End of W3
I meant to write this last week. A few things I learned from running some experiments for data distributed training of AI models while practicing VIM along the way:
Without any other optimization, it was 45% faster to train with 2 gpus on 1 node than with just 1 gpu (and quality of results still the same). It probably is not a 2x speed up since there are some overheads from communication, such as the gradient synchronization between GPUs before the weight update of each iteration.
Because the model gets to see twice as much data per batch, the simplest way to account for it is to increase the learning rate by 2 because the model is now more certain with each batch and there is effectively less noise. Alternatively, I could halve the batch size but that also changes the number of optimizer updates (and the training dynamics) for the same number of epochs, which can make benchmarks less directly comparable.
I tried to increase CPU utilization so as to increase GPU utilization as well. On 1 gpu, by increasing number of workers from 8 to 32, this increased both CPU and GPU utilization by 25% , and decreased time taken to train by 25%. Time taken to train saturates with 60 workers and might have saturated way before 60 workers as there is now excessive overhead (I was working with 60 physical cores).
I noticed that training on 1 GPU was way faster on my local GPU than just renting the equivalent 1 GPU on runpod. Which led me down a rabbit hole of trying to attribute the difference. And I was able to trace it down to:
a good amount of it being that on runpod, I had used a network volume to store my data which means there is a network cost to move data to my dataloader for preprocessing. This was quickly fixed when I requested a very large local storage on runpod.
but..there was another huge amount of time that was unexplained even with the exact same set up otherwise. And that was when I discovered that I was getting a shitty PCIe cable on runpod (the physical pins that connect CPU to GPU, that determines latency and bandwidth).
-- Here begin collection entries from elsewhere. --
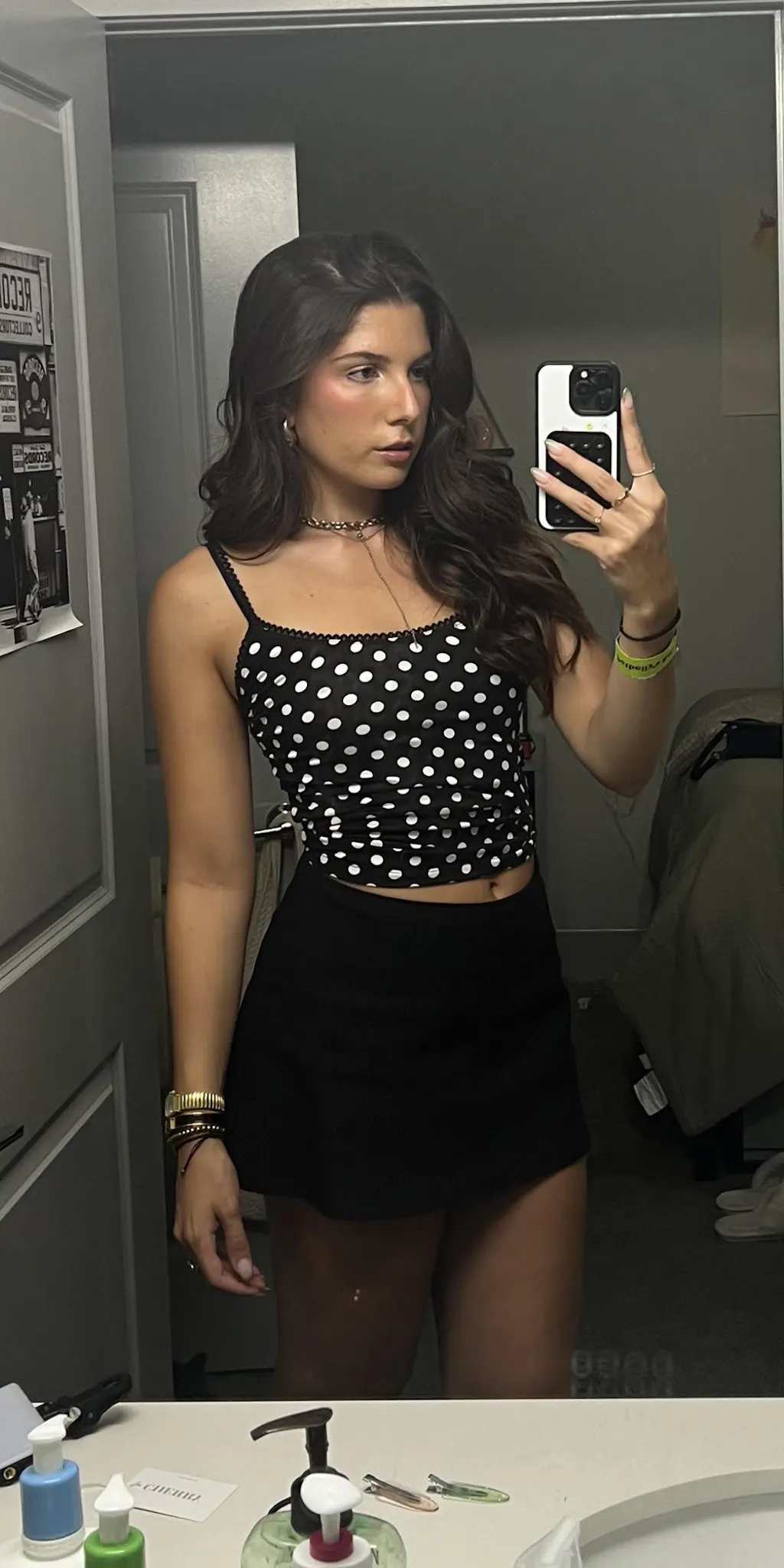 the cutest b&w polka dot cami top <3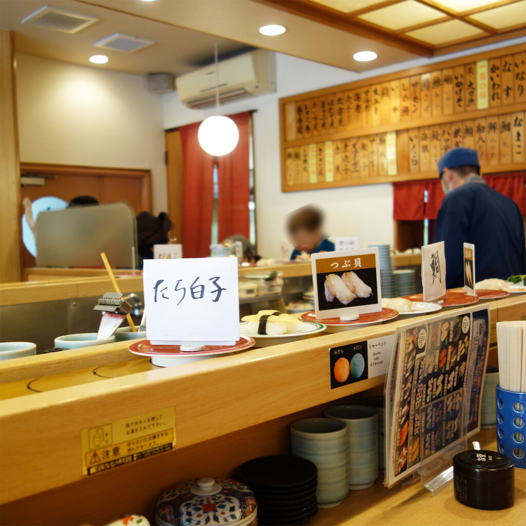 かなりこじんまりしたお店なので、街中や郊外の回転寿司店より地元感があって、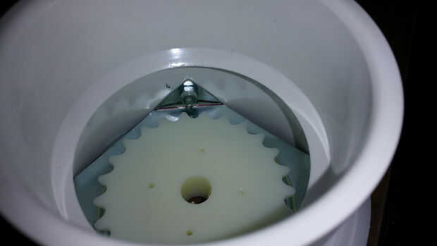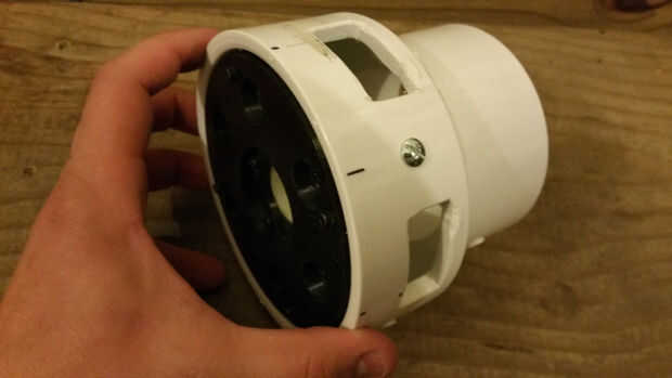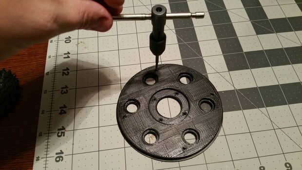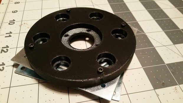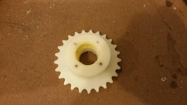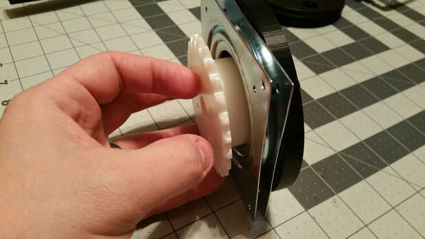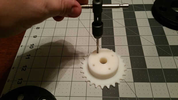 Lo primero que decidí hacer fue diseñar un anillo que le fijan los barriles a mi rodamiento. Diseñé la "parte trasera barril Ring2" abajo y 3D imprimió. Luego había aprovechado el 4 interior y exterior con 4 orificios con un toque de #4. Entonces había jodido el trasero barril Ring2 un lazy Susan de 4" teniendo con los 4 tornillos exteriores. Una vez que fue hecho marcó, perforado y 4 orificios en un piñón de 25 dientes nylon roscado. Tengo un reductor de PVC de 3-4" acoplador y marcado el cojinete con el interior diámetro del acoplamiento y el anillo guía cañón del cojinete cortar las esquinas de metal tan la Frotaría no como las vueltas del cojinete. En el lado del piñón plegar las esquinas para que todo se desliza en el 4" lado del acoplamiento. Entonces yo había asegurada el cojinete en el lado del acoplamiento con 4 tornillos. Finalmente corté 2 ranura en un lado del acoplamiento para que la cadena podría viajar a través. También tuve que perforar el centro de la rueda principal hacia fuera a aproximadamente una pulgada por lo que el barril podría caber a través más adelante.

It was using a gen1 PCIe when it could be supporting up to a gen5 PCIe connection which is what I am using for my local GPU and supports 16x more bandwidth. Is this normal? I almost wanted to rent some AWS GPUs to check that as well.
Finally, with optimization (i.e. increasing from 8 workers to 16 workers) and using 2 GPUs on the same node, it was 54% faster than baseline.
A bigger conclusion though is that while using more GPUs did train more quickly, I really did not need to do that (at least for this current model) because my GPU utilization rate hovered around 30%.